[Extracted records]
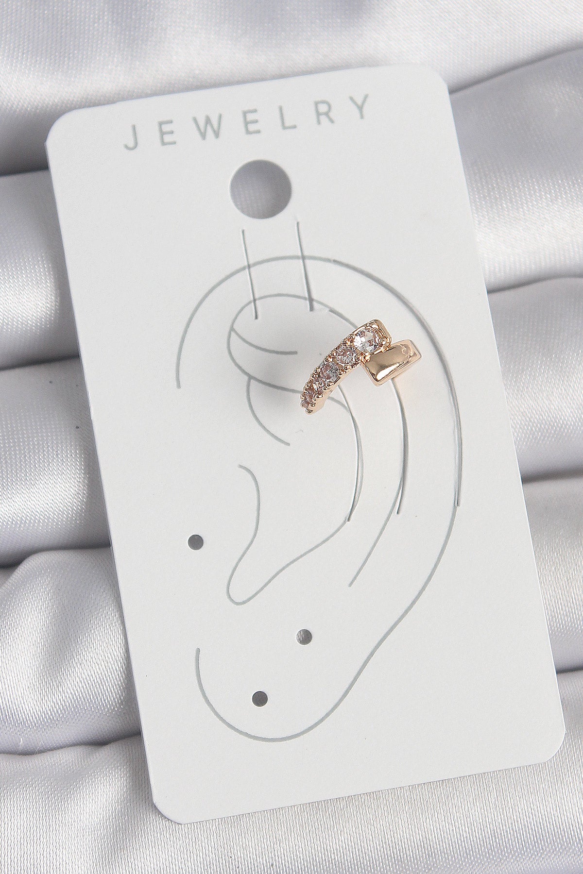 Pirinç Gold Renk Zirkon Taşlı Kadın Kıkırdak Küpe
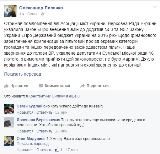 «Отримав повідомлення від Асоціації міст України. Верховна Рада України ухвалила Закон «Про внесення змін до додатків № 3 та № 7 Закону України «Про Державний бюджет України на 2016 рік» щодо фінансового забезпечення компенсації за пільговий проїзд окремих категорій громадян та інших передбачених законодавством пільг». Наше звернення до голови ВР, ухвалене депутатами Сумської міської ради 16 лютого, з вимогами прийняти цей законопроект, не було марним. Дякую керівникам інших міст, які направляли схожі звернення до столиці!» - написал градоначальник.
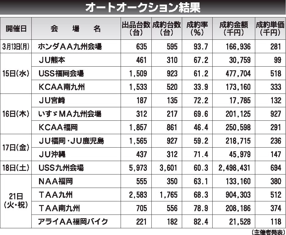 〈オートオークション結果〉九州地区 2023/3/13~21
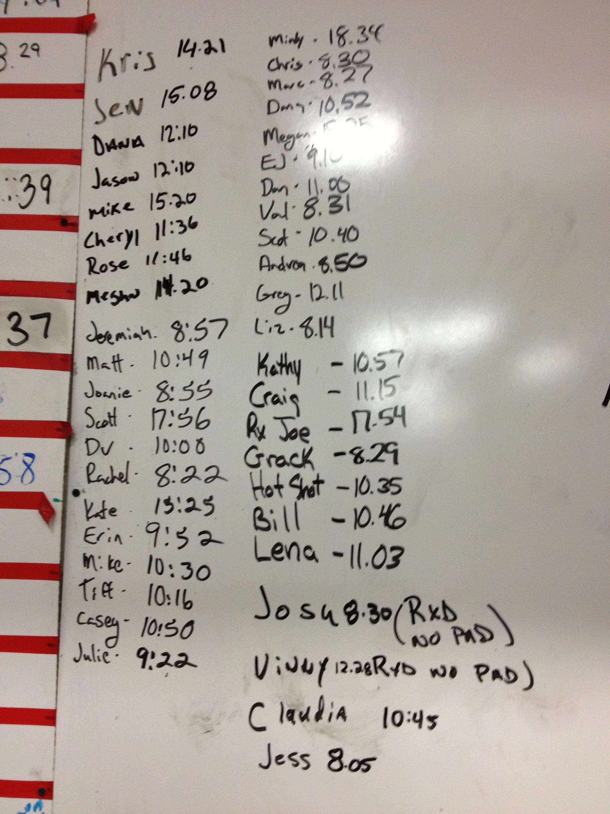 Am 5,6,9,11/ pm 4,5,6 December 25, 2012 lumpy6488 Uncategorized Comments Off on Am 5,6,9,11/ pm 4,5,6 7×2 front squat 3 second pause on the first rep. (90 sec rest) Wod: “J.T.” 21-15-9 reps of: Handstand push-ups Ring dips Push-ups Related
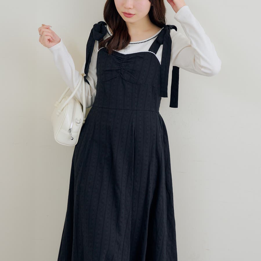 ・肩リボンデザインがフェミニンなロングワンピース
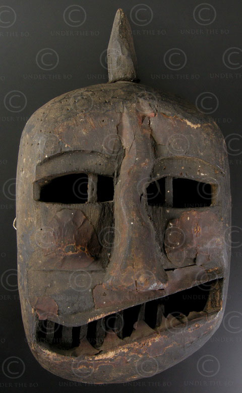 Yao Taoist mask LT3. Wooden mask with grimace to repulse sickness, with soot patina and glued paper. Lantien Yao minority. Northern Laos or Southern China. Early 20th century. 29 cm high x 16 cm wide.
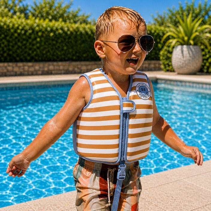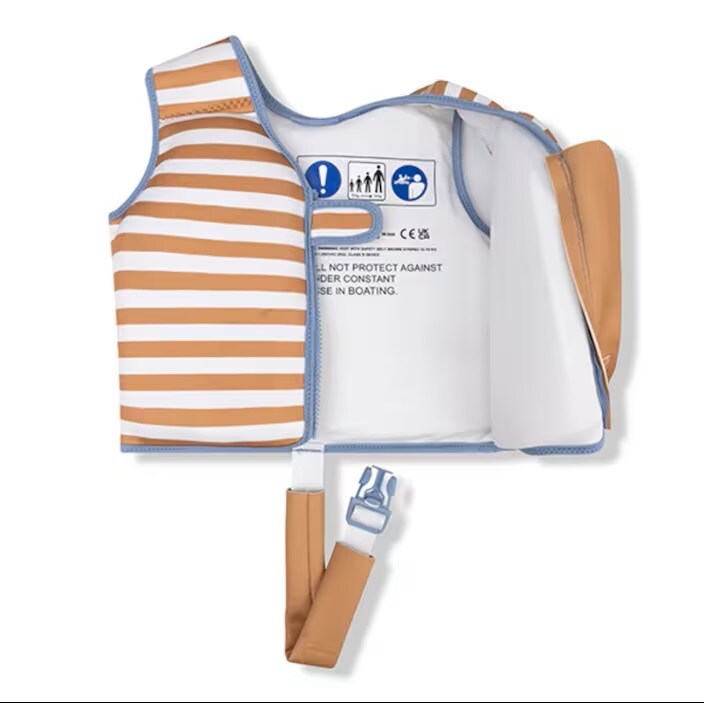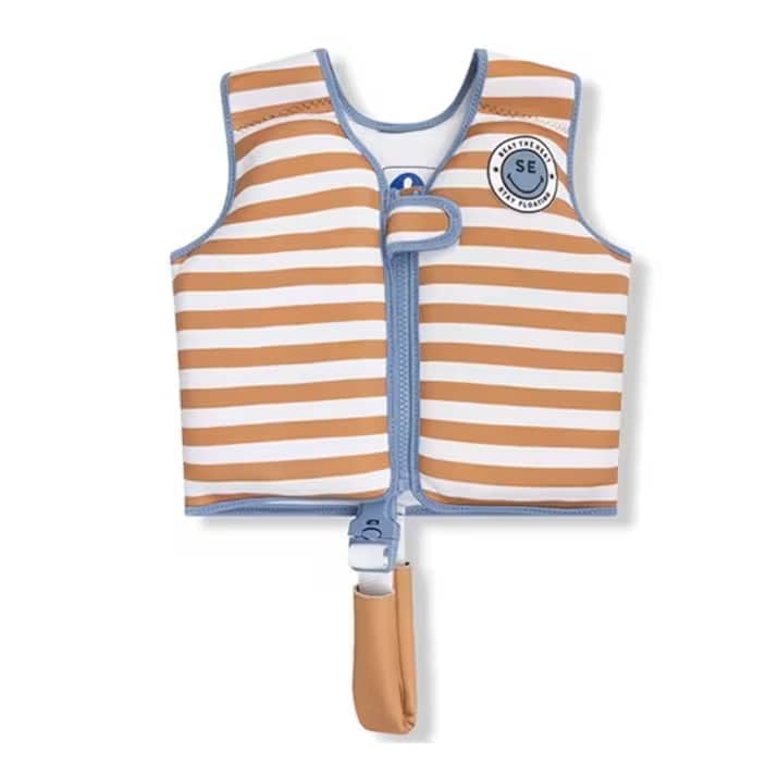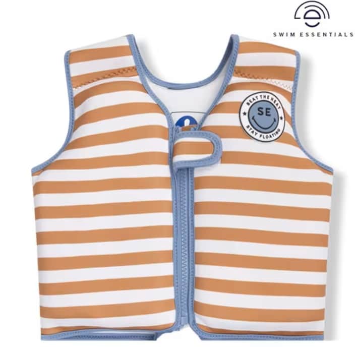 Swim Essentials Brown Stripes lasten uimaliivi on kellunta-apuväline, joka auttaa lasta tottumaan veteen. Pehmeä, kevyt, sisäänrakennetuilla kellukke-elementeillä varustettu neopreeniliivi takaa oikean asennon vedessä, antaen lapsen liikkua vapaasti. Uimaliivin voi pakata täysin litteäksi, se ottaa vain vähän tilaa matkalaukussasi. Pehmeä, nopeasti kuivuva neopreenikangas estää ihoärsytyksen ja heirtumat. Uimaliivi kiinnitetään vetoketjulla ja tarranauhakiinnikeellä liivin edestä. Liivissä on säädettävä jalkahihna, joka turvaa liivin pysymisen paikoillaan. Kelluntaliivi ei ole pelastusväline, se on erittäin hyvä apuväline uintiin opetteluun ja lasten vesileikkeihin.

### WHAT YOU SHOULD DO
Exactly as written, copy the entries above without their pictures.

### RESPONSE TO THE EXERCISE
 Pirinç Gold Renk Zirkon Taşlı Kadın Kıkırdak Küpe
 «Отримав повідомлення від Асоціації міст України. Верховна Рада України ухвалила Закон «Про внесення змін до додатків № 3 та № 7 Закону України «Про Державний бюджет України на 2016 рік» щодо фінансового забезпечення компенсації за пільговий проїзд окремих категорій громадян та інших передбачених законодавством пільг». Наше звернення до голови ВР, ухвалене депутатами Сумської міської ради 16 лютого, з вимогами прийняти цей законопроект, не було марним. Дякую керівникам інших міст, які направляли схожі звернення до столиці!» - написал градоначальник.
 〈オートオークション結果〉九州地区 2023/3/13~21
 Am 5,6,9,11/ pm 4,5,6 December 25, 2012 lumpy6488 Uncategorized Comments Off on Am 5,6,9,11/ pm 4,5,6 7×2 front squat 3 second pause on the first rep. (90 sec rest) Wod: “J.T.” 21-15-9 reps of: Handstand push-ups Ring dips Push-ups Related
 ・肩リボンデザインがフェミニンなロングワンピース
 Yao Taoist mask LT3. Wooden mask with grimace to repulse sickness, with soot patina and glued paper. Lantien Yao minority. Northern Laos or Southern China. Early 20th century. 29 cm high x 16 cm wide.
 Swim Essentials Brown Stripes lasten uimaliivi on kellunta-apuväline, joka auttaa lasta tottumaan veteen. Pehmeä, kevyt, sisäänrakennetuilla kellukke-elementeillä varustettu neopreeniliivi takaa oikean asennon vedessä, antaen lapsen liikkua vapaasti. Uimaliivin voi pakata täysin litteäksi, se ottaa vain vähän tilaa matkalaukussasi. Pehmeä, nopeasti kuivuva neopreenikangas estää ihoärsytyksen ja heirtumat. Uimaliivi kiinnitetään vetoketjulla ja tarranauhakiinnikeellä liivin edestä. Liivissä on säädettävä jalkahihna, joka turvaa liivin pysymisen paikoillaan. Kelluntaliivi ei ole pelastusväline, se on erittäin hyvä apuväline uintiin opetteluun ja lasten vesileikkeihin.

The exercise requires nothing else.